## What the exercise asks
Retype exactly the lines from the one containing "(청주=포커스뉴스) 20대 국회의원" through the last line of the records below, including both, and leave out any pictures.

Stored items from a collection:

┌────────

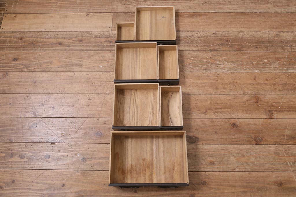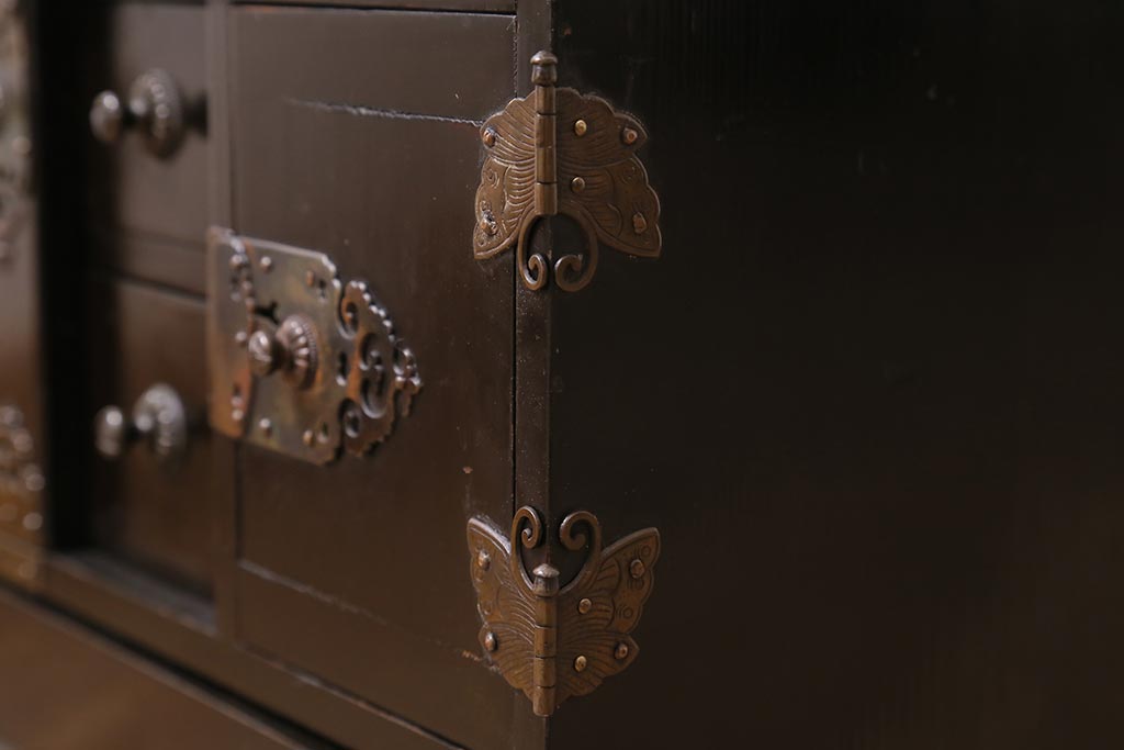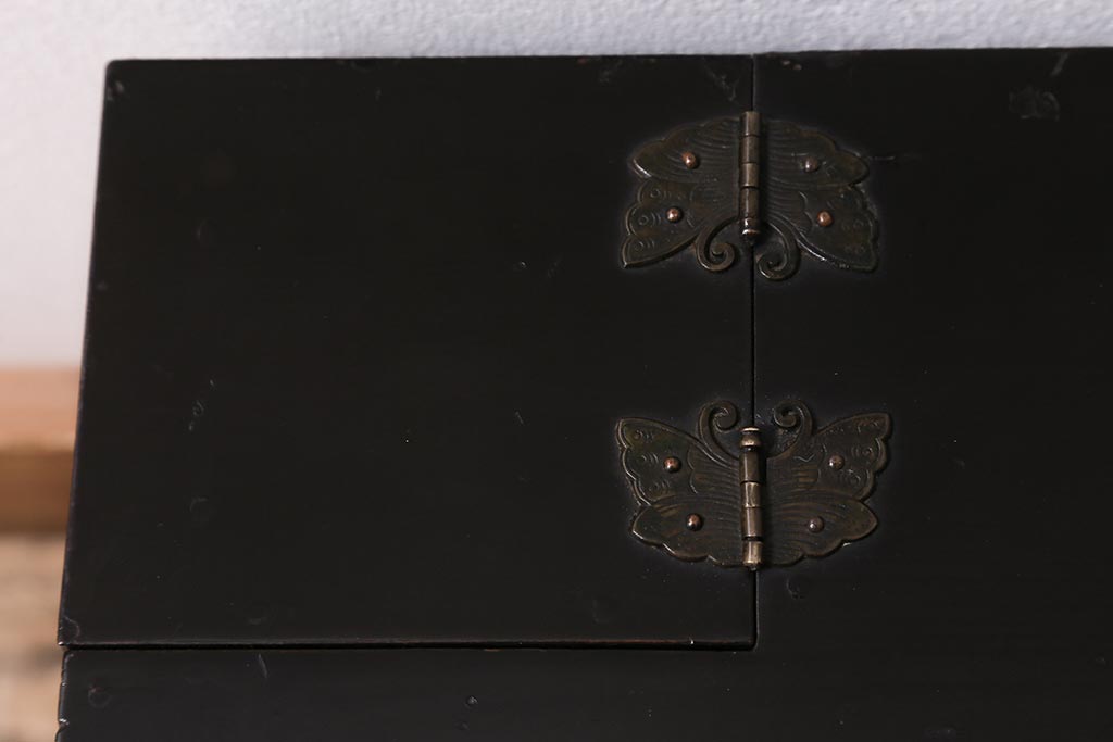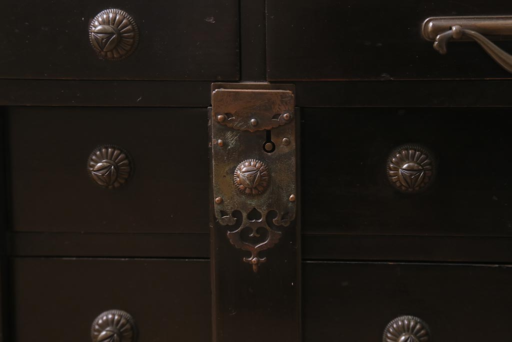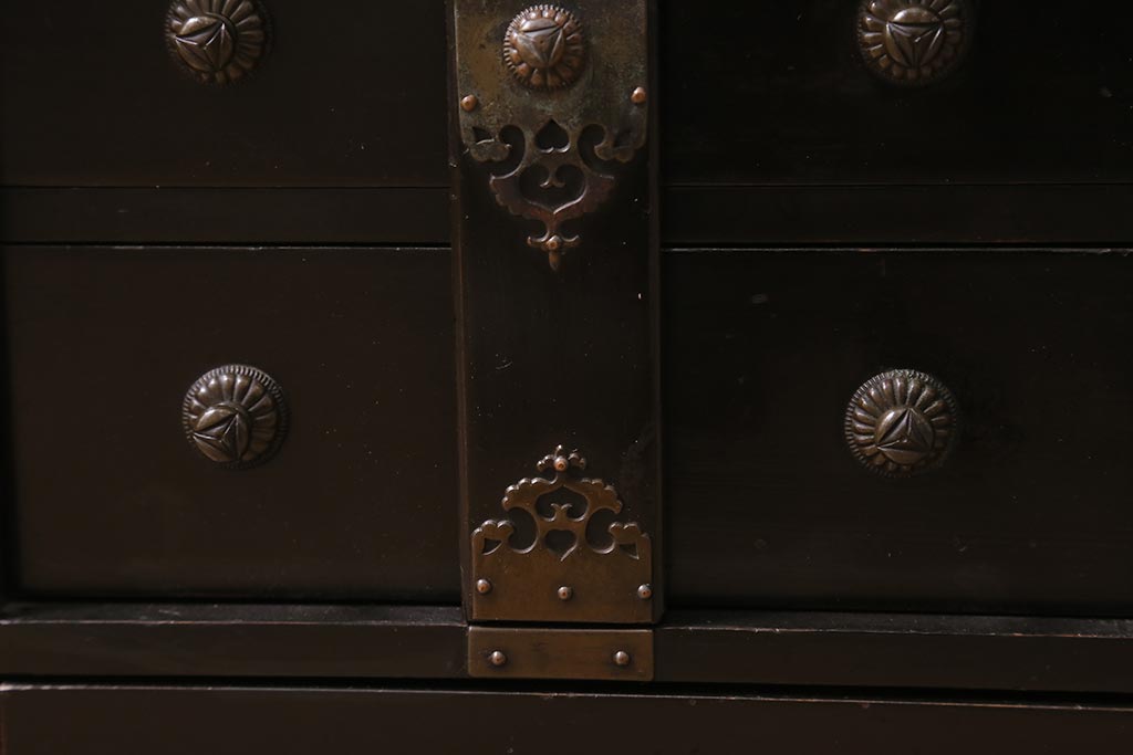 ラフジュ工房> 小物収納・トランク > アンティーク家具 工芸家具 桐材 黒漆 凝った真鍮金具が高級感漂う上手物の裁縫箱(小引き出し)(R-043322)
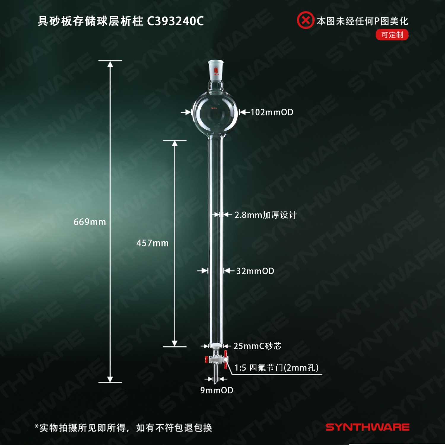 层析类 > 具存储球层析柱 > 具砂板存储球闪式层析柱 > SYNTHWARE > 具砂板存储球层析柱,24/40,φ32mm,有效长457mm,存储球容量500ml C393240C
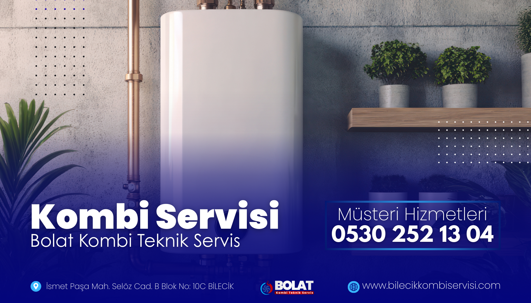 Bolat Kombi Teknik ekibi; arıza, bakım veya teknik destek talepleriniz için Bilecik genelinde hazır. Aynı gün servis imkanıyla hızlı ve garantili çözümler sunuyoruz.
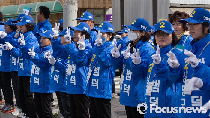 (청주=포커스뉴스) 20대 국회의원 선거운동이 시작된 31일 오전 충북 청주시 상당공원사거리에서 한범덕 후보 선거운동원들이 지지를 호소하고 있다.
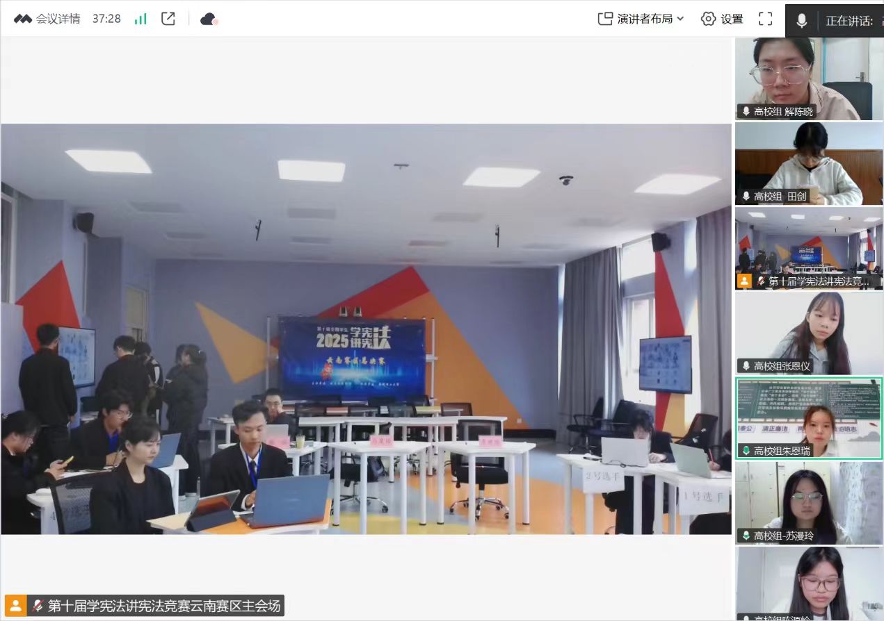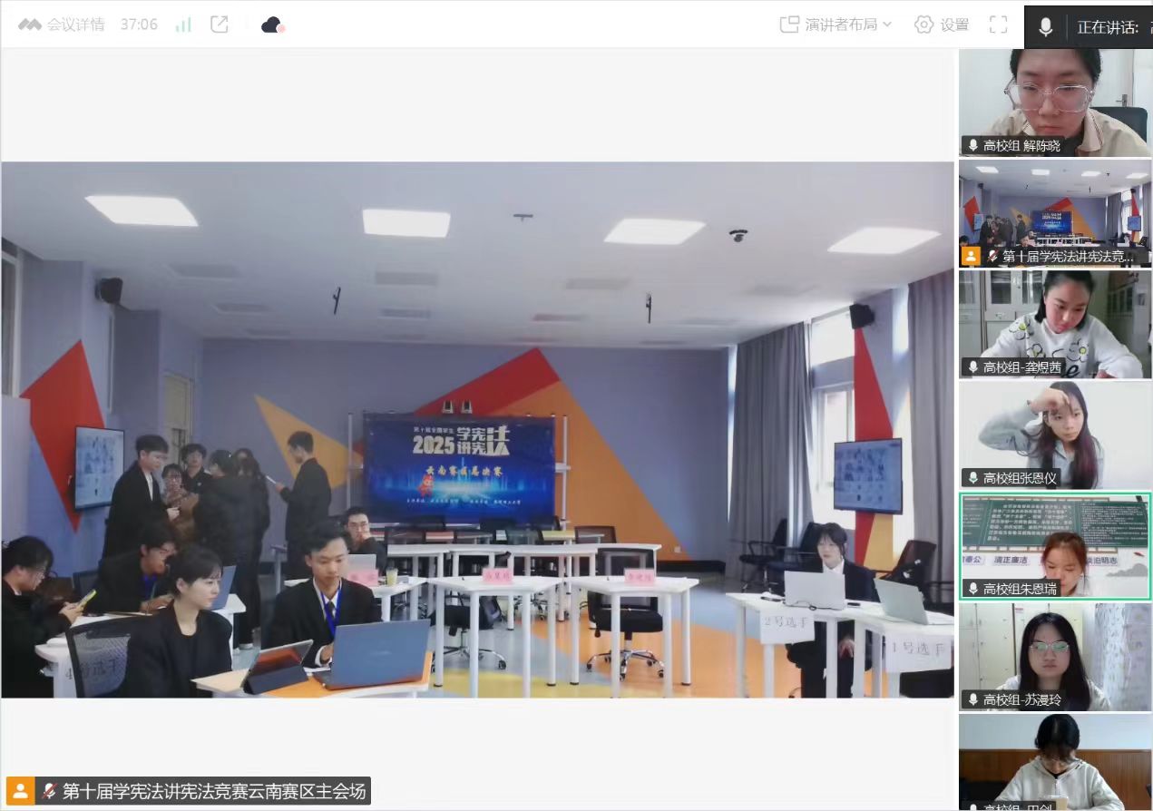 为深入学习贯彻法治思想,弘扬宪法精神,提升青少年法治素养,11月8日,由昆明理工大学主办的“学宪法 讲宪法”主题比赛初赛在线上成功举行。本次活动共吸引了来自学校各院系的数百名学子踊跃报名,其中文法学子积极响应赛事号召,以饱满的热情展现了对宪法学习的重视与践行。线上竞赛环节氛围热烈,答题过程中选手们思路清晰、表达流畅,充分展现了当代大学生尊崇宪法、学习宪法、践行宪法的浓厚氛围与良好精神风貌。
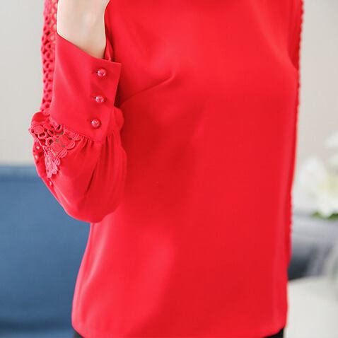 袖レーストップス スリムシフォンシャツ ラウンドネック ダンス ウェア 黒

└────────

## Answer to this problem
 (청주=포커스뉴스) 20대 국회의원 선거운동이 시작된 31일 오전 충북 청주시 상당공원사거리에서 한범덕 후보 선거운동원들이 지지를 호소하고 있다.
 为深入学习贯彻法治思想,弘扬宪法精神,提升青少年法治素养,11月8日,由昆明理工大学主办的“学宪法 讲宪法”主题比赛初赛在线上成功举行。本次活动共吸引了来自学校各院系的数百名学子踊跃报名,其中文法学子积极响应赛事号召,以饱满的热情展现了对宪法学习的重视与践行。线上竞赛环节氛围热烈,答题过程中选手们思路清晰、表达流畅,充分展现了当代大学生尊崇宪法、学习宪法、践行宪法的浓厚氛围与良好精神风貌。
 袖レーストップス スリムシフォンシャツ ラウンドネック ダンス ウェア 黒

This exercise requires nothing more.